“That’s illogical,” said Lady Varens. “I have to shut my eyes tight when I see advertisements of anything to do with my lady, because I know that that sort of indignation is off the line. Communism is dreary and crushing and impossible, I think; and if you are going to let people keep the money they or their fathers make, then you must let them alone to spend it as they like. There are idiots in every class who chuck money about. But, as I say, if you are going to admit freedom to inherit and make, you must have freedom to spend as well, or else Rule Britannia becomes Rule Bolshevina, and my dear friend, the British working man, who hates to be hustled, will have to set up his apple cart again in some other place.”
“No, it is quite true, it won’t suit him a bit,” said Teresa, thinking of Mr. Jason.

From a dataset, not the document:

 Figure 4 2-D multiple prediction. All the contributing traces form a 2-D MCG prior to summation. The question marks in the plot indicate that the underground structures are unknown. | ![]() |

“I have tried to imagine the very beeriest British loafer being made compulsorily drunk at stated intervals by a public authority, and I can’t see him getting a bit of pleasure out of it. And as for being compulsorily busy, and obliged to see nothing but good plays, and sent to hear good music—has any real Englishman ever devised such a plan, or are they all those very unhumorous Huns in disguise? Only a nation that wears spectacles could picture England as a community with rules, except the ordinary policeman rules. But the people have got so used to freedom that they may let the thing go on and stand watching it like a dog fight until it is done and has to be cleaned up.”
“That is what Mrs. Vachell said about Evangeline, that father wouldn’t interfere about Evan until he had actually done something. She said that men won’t bother to prevent a thing happening.”

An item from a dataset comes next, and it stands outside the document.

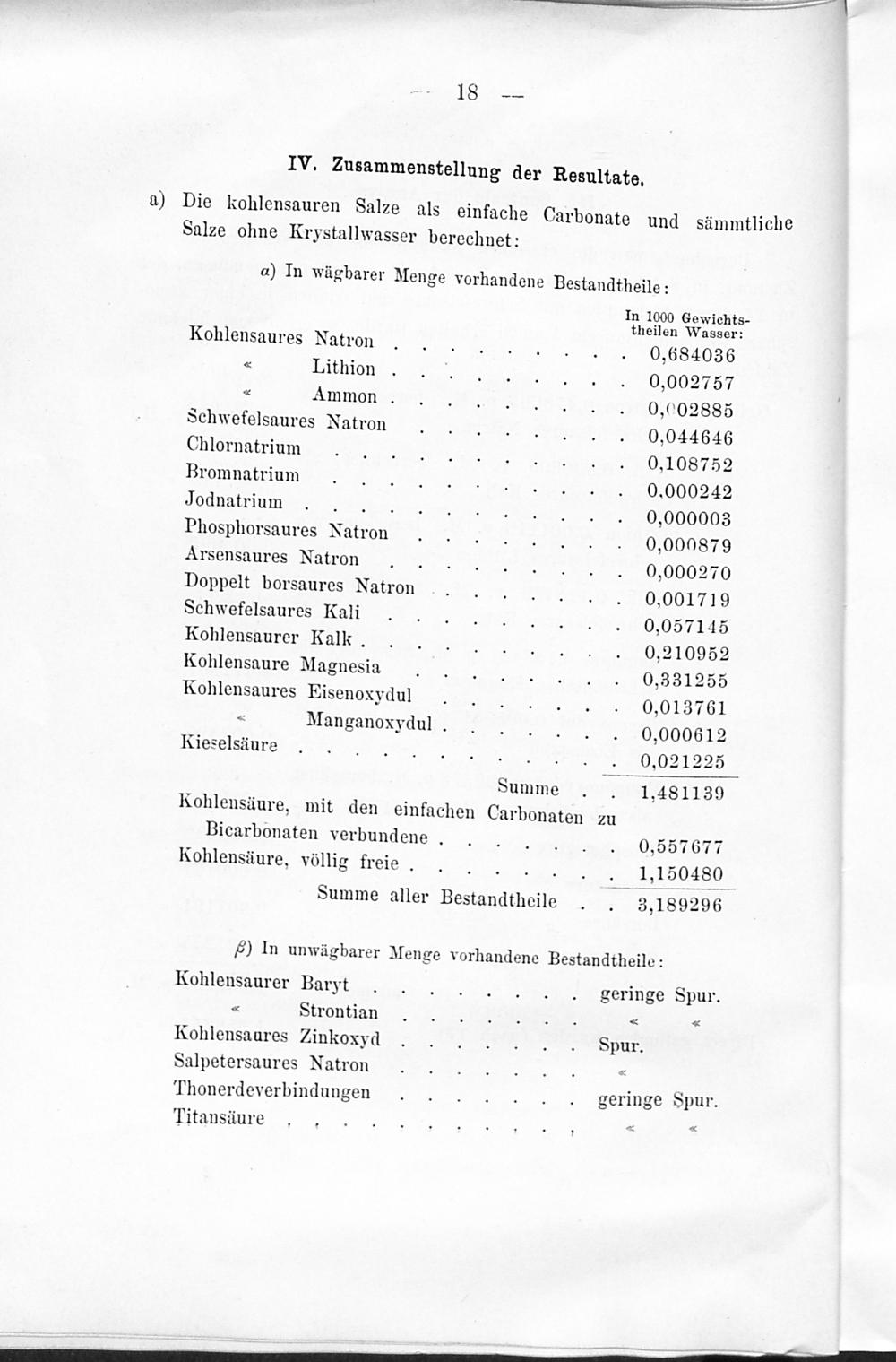 C. Charakter des Grossen Sprudels. / D. Vergleich der im chemischen Laboratorium Fresenius ausgeführten Untersuchungen des Grossen Sprudels.

“What are you talking about?” said Lady Varens.
“Oh, I forgot, I was thinking about what you said. Evan did rather try to work out theories about Ivor and there was a bother that there needn’t have been if he and Chips had understood each other instead of working separately. However that is nothing. I expect they will worry through all right.”

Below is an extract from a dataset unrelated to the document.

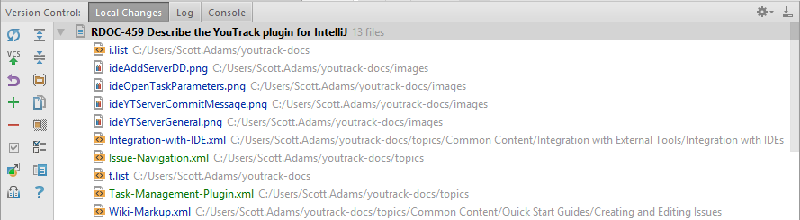 The Task Management plugin lets you open a YouTrack issue as a task in your IDE. This sets the YouTrack issue as the current work context. Changes to the code base are added to a change list that is associated with the issue.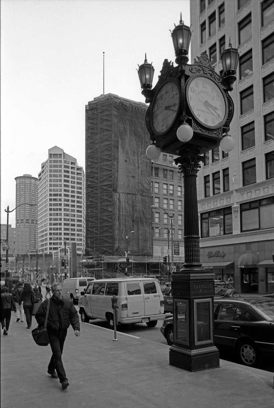 clock-4th-ave-sidewalk-clock-ca-1999-web March 5, 2017 900 × 1339 Seattle Now & Then: Big Clock in Big Snow, 1916 One of the few survivors: the clock on Fourth Avenue south of Pike Street. I remember taken the photo but not when, so I contribute a circa 1999 date.

“Well, come and see David,” said Lady Varens, “and help us to decide what we will do. He is all for stopping a muddle before it is too late.”
Teresa went home in a tram, among the faces in the fog, but she did not notice them. She was tired to death by problems and counter problems; by desires that seemed to lead straight to a just and happy end, and were blocked always, sooner or later, by some defect of the quality that engendered them. Equality had a way of elbowing the grace of respect off the path, social recognition bred snobbery and civic responsibility led to jobbery, philanthropy grew so easily into impertinence, reform into self-righteousness and contentment into smugness; there seemed no end to the fine and stupid ideas that had started along the same road. Innocence and discipline fought for perfection in every imaginative task. She saw a world full of Evans and Evangelines quarrelling irreconcilably for ever, like Tweedledum and Tweedledee.
The car trundled and swayed, grinding along its rails. The distorted, grotesquely-dressed forms that had been made beautiful all these years in her imagination by the belief that they were princes and princesses in disguise, waiting for the magic touch of recognition to restore them to their kingdom, failed for the first time to excite her interest. The desire which used to entice her with the promise of a new world had vanished, and left in its place a message rather like the traditional note on the pincushion left by the escaping heroine of romance. The message said that the only truth on which heaven and earth were agreed was that a marriage would shortly take place.
She cheered up a little as she looked at the fog-bound faces on either side of her, and thought how greatly any of them might be improved by loving any one as much as she loved David. Another still more cheerful idea occurred to her, that perhaps they did! Perhaps it was only the mud filtering down upon the city that made them look so depressed. Inside their minds there might be an inextinguishable flame that only needed to be kindled to destroy all anger and discontent. “I suppose there will always be Evans and Evangelines,” she thought, “all the Tweedledums and Tweedledees, and they will fight about nothing whenever they meet; but if they were really in love Evan wouldn’t look for trouble and Evangeline wouldn’t try to walk round it; they would go through it together as it came. I am glad David doesn’t either worry or shirk—but then, of course, he wouldn’t.”